WHAT TO WORK ON: Skip the pictures, please, and write out exactly every line from the one containing "창가에 소파와 컨텐츠가" through the end of the listing below.

COLLECTED DATA:
------------------------------------
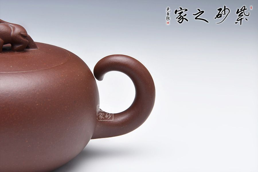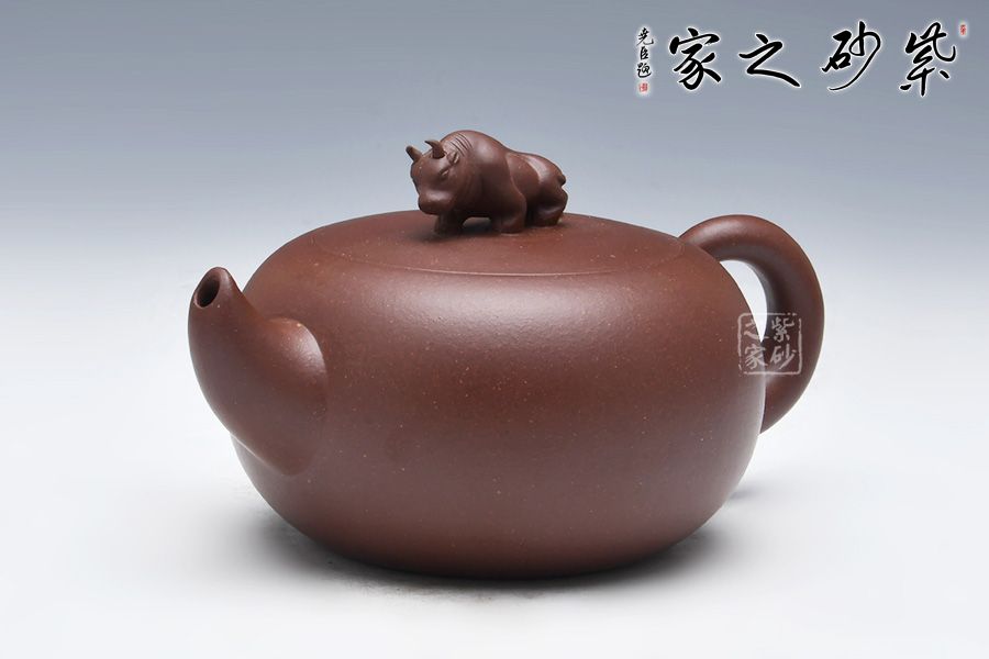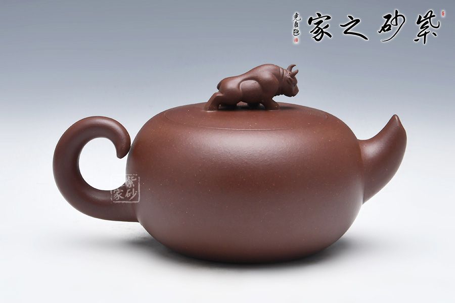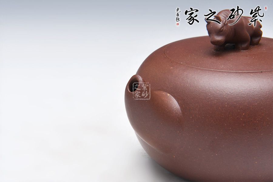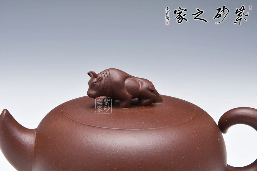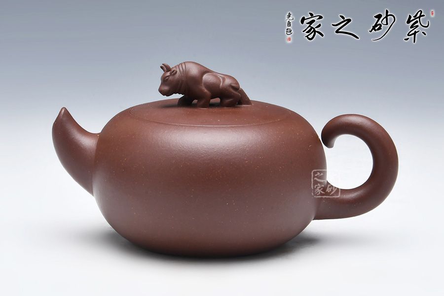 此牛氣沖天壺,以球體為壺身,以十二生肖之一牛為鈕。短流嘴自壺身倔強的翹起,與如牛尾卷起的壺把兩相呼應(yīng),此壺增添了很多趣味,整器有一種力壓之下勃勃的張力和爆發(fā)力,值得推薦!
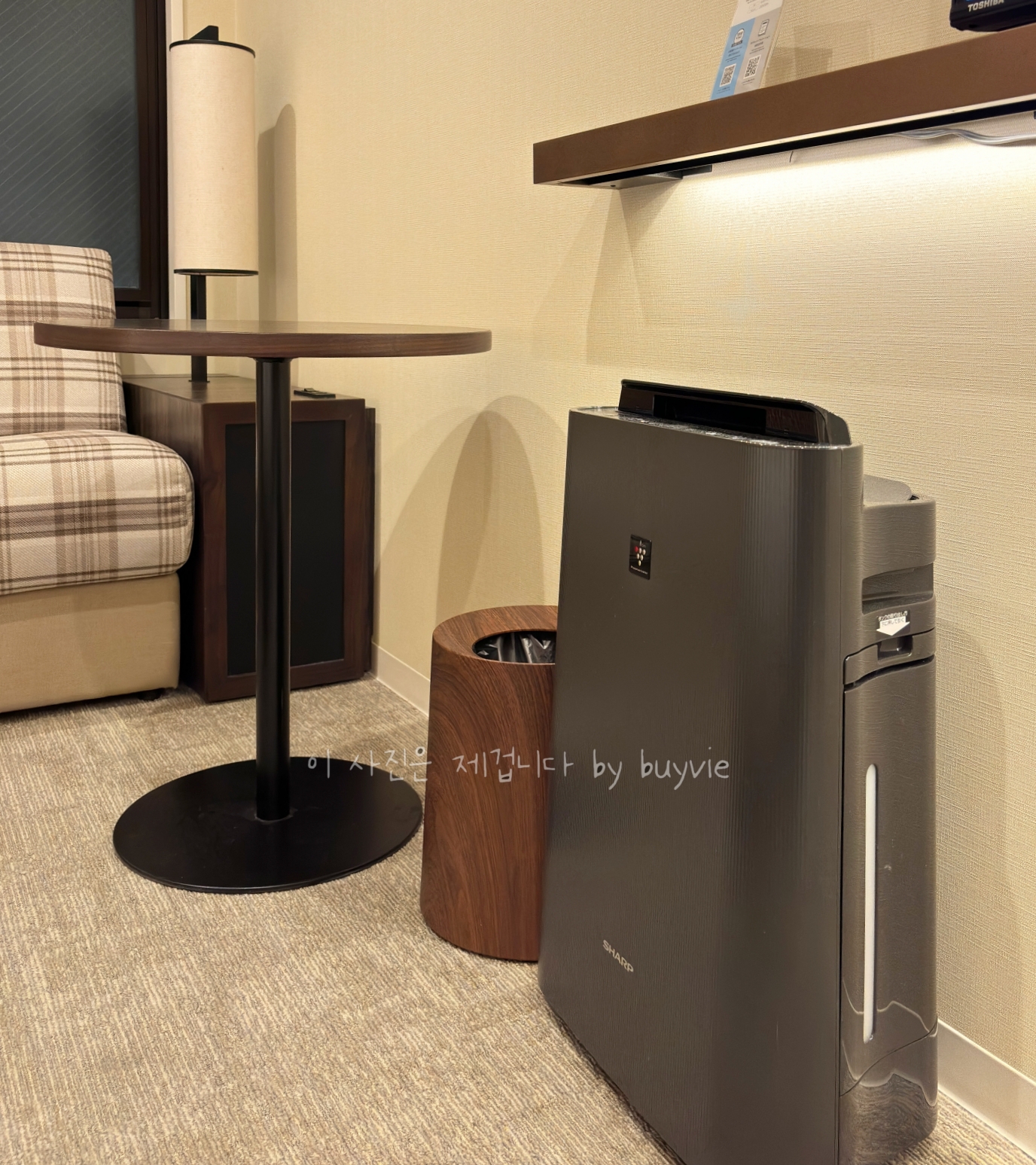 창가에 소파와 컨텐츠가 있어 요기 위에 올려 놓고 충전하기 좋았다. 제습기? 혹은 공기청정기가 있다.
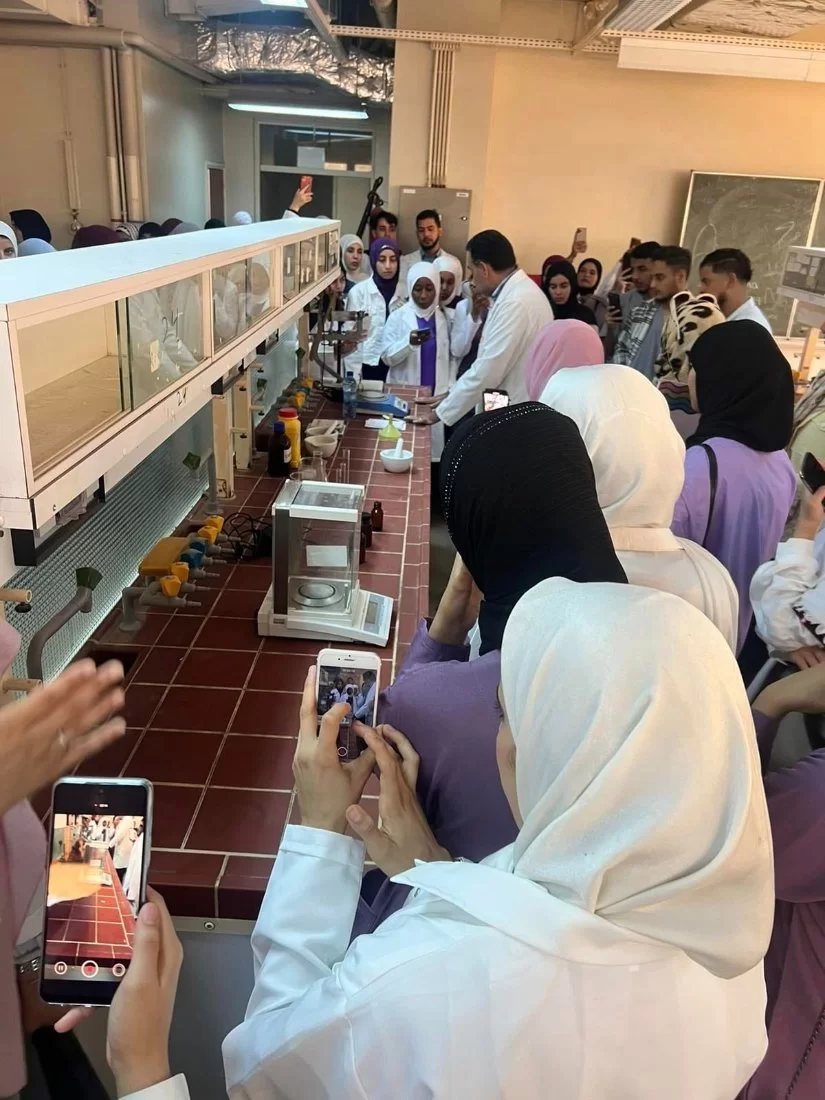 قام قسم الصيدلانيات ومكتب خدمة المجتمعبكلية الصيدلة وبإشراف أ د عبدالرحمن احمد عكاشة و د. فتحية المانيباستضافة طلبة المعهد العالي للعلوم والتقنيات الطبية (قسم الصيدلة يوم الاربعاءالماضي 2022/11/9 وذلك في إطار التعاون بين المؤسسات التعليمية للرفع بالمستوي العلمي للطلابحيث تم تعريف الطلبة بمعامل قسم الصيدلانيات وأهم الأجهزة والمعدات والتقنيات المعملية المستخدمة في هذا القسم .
------------------------------------
OUTPUT FOR THIS EXERCISE:
 창가에 소파와 컨텐츠가 있어 요기 위에 올려 놓고 충전하기 좋았다. 제습기? 혹은 공기청정기가 있다.
 قام قسم الصيدلانيات ومكتب خدمة المجتمعبكلية الصيدلة وبإشراف أ د عبدالرحمن احمد عكاشة و د. فتحية المانيباستضافة طلبة المعهد العالي للعلوم والتقنيات الطبية (قسم الصيدلة يوم الاربعاءالماضي 2022/11/9 وذلك في إطار التعاون بين المؤسسات التعليمية للرفع بالمستوي العلمي للطلابحيث تم تعريف الطلبة بمعامل قسم الصيدلانيات وأهم الأجهزة والمعدات والتقنيات المعملية المستخدمة في هذا القسم .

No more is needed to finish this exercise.